Task to carry out: Any picture in the range stays out of the copy; retype exactly the lines from the one with "प्राधिकरणको तथ्याङक अनुसार" to the end of the listing.

-- Records for this exercise follows --

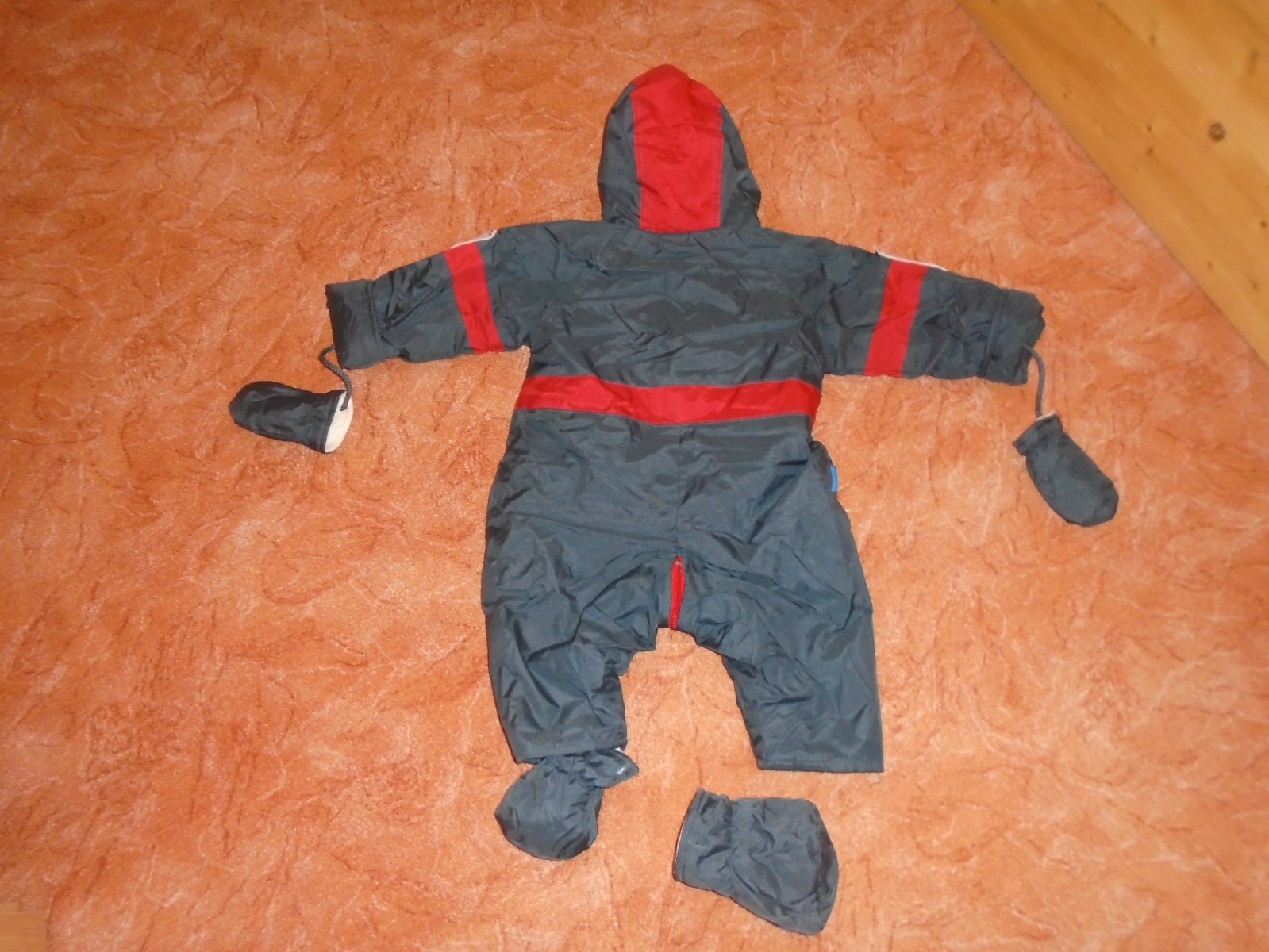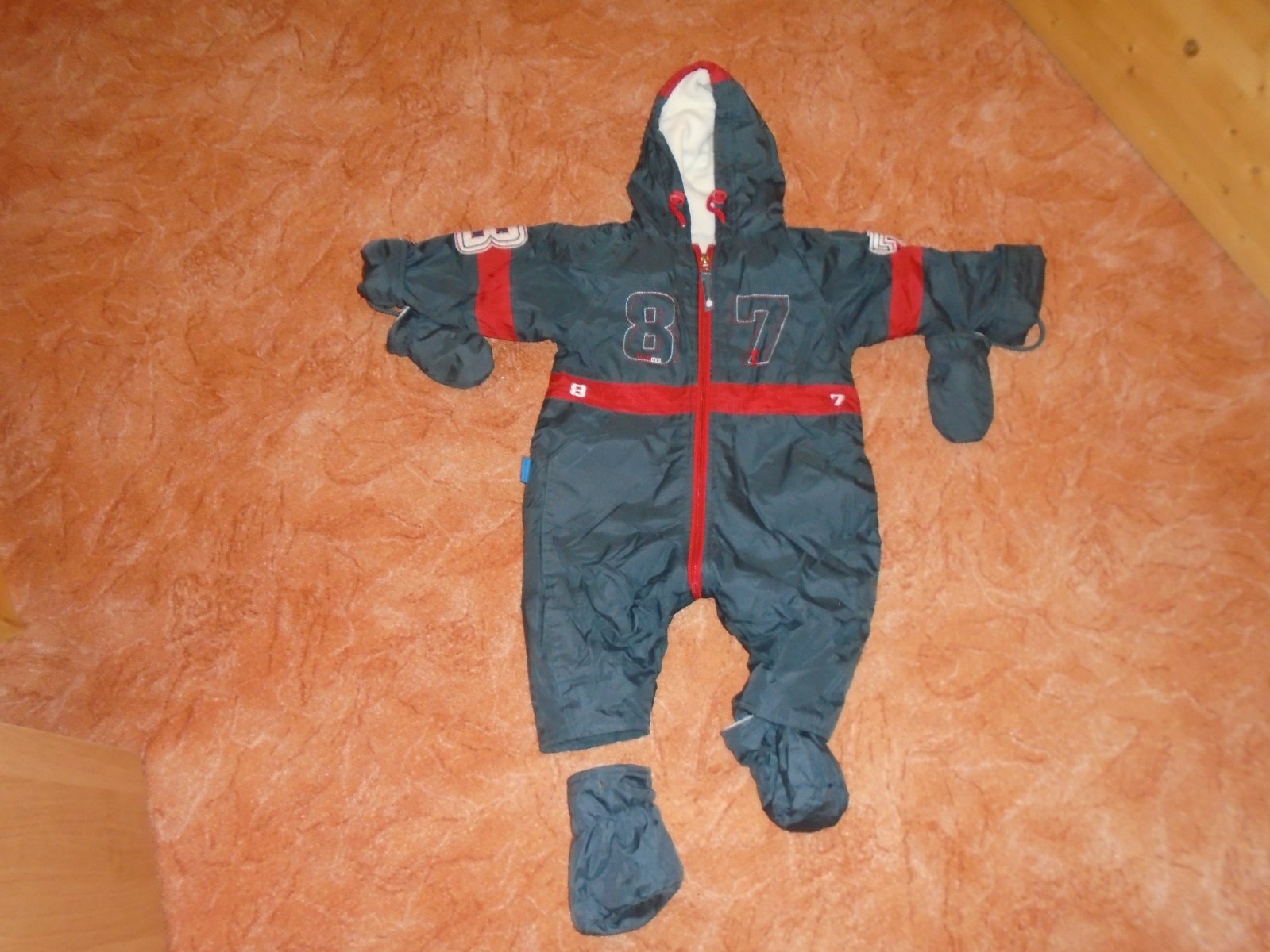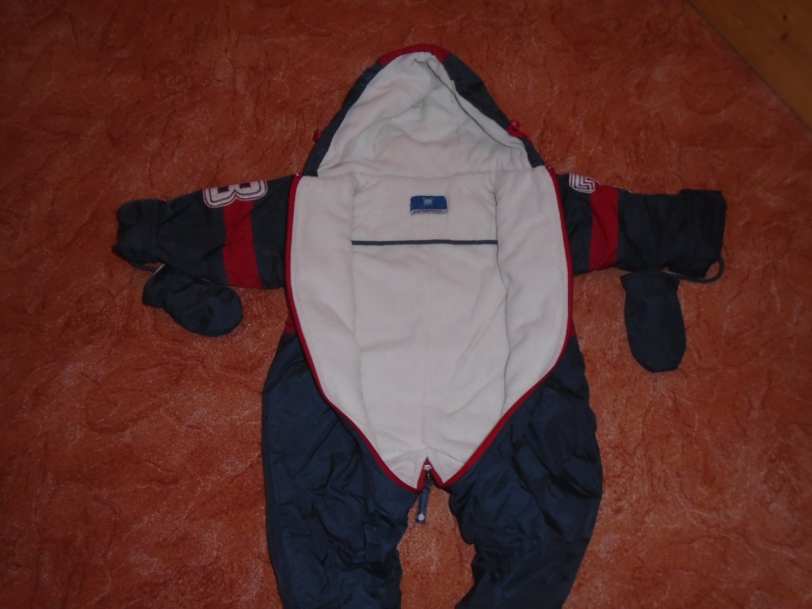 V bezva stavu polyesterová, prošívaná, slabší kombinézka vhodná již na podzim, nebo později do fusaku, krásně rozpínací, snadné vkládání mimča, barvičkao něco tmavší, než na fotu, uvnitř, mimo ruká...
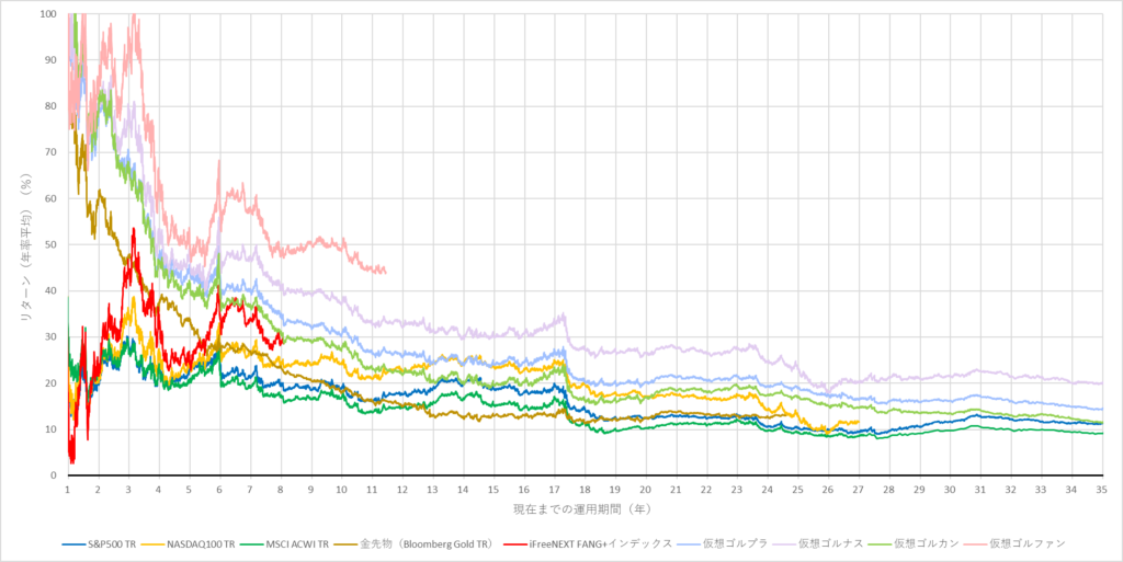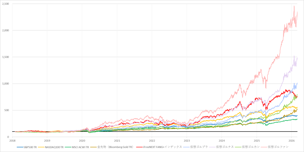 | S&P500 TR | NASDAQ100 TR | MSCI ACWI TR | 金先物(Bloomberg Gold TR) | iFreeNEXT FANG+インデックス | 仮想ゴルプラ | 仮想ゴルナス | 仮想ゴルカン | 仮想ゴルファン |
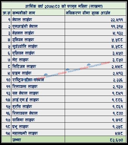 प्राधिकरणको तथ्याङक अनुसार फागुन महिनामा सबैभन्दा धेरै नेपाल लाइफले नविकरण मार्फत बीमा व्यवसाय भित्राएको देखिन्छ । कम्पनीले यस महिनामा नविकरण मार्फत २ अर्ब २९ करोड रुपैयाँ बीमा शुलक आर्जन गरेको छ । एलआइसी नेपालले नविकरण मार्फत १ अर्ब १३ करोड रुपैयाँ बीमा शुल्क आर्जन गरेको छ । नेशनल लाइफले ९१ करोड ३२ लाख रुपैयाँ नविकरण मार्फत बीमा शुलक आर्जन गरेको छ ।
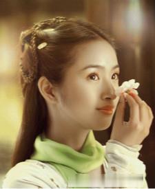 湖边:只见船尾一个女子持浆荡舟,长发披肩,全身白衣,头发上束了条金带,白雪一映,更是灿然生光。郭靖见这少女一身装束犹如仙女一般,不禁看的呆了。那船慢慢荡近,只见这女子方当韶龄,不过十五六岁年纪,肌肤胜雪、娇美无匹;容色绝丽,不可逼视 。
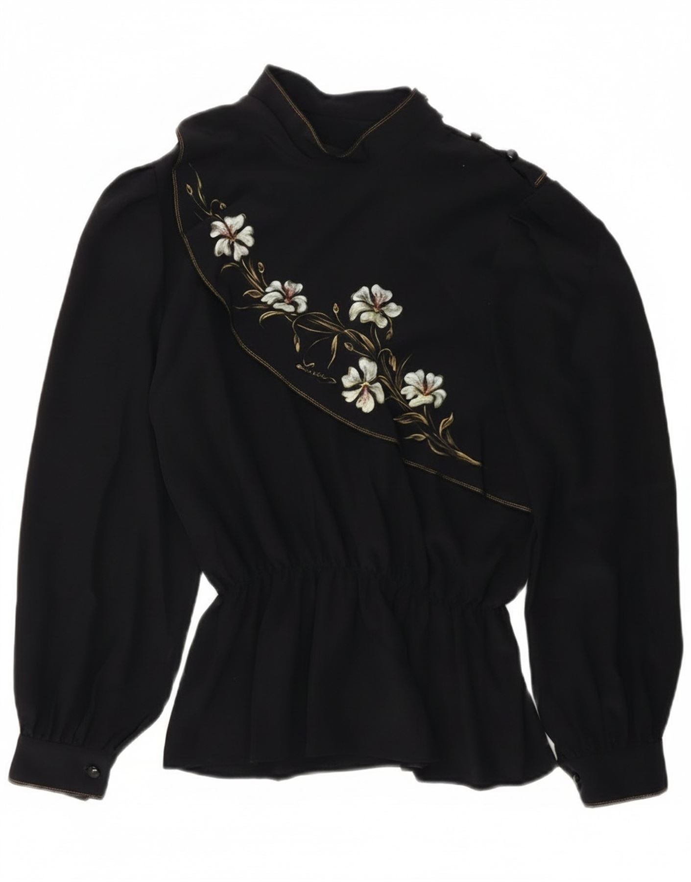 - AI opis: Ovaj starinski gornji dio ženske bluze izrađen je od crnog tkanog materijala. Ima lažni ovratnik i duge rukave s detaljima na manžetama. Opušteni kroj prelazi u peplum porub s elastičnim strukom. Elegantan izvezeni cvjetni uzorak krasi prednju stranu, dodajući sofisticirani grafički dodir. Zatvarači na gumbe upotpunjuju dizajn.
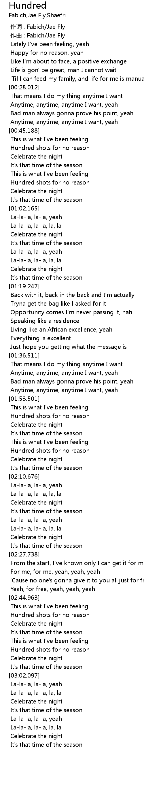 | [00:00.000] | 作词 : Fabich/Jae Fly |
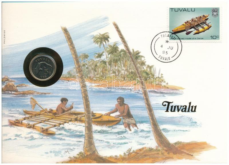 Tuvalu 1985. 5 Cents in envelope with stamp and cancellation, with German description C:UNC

-- Records for this exercise concluded --

Expected answer:
 प्राधिकरणको तथ्याङक अनुसार फागुन महिनामा सबैभन्दा धेरै नेपाल लाइफले नविकरण मार्फत बीमा व्यवसाय भित्राएको देखिन्छ । कम्पनीले यस महिनामा नविकरण मार्फत २ अर्ब २९ करोड रुपैयाँ बीमा शुलक आर्जन गरेको छ । एलआइसी नेपालले नविकरण मार्फत १ अर्ब १३ करोड रुपैयाँ बीमा शुल्क आर्जन गरेको छ । नेशनल लाइफले ९१ करोड ३२ लाख रुपैयाँ नविकरण मार्फत बीमा शुलक आर्जन गरेको छ ।
 湖边:只见船尾一个女子持浆荡舟,长发披肩,全身白衣,头发上束了条金带,白雪一映,更是灿然生光。郭靖见这少女一身装束犹如仙女一般,不禁看的呆了。那船慢慢荡近,只见这女子方当韶龄,不过十五六岁年纪,肌肤胜雪、娇美无匹;容色绝丽,不可逼视 。
 - AI opis: Ovaj starinski gornji dio ženske bluze izrađen je od crnog tkanog materijala. Ima lažni ovratnik i duge rukave s detaljima na manžetama. Opušteni kroj prelazi u peplum porub s elastičnim strukom. Elegantan izvezeni cvjetni uzorak krasi prednju stranu, dodajući sofisticirani grafički dodir. Zatvarači na gumbe upotpunjuju dizajn.
 | [00:00.000] | 作词 : Fabich/Jae Fly |
 Tuvalu 1985. 5 Cents in envelope with stamp and cancellation, with German description C:UNC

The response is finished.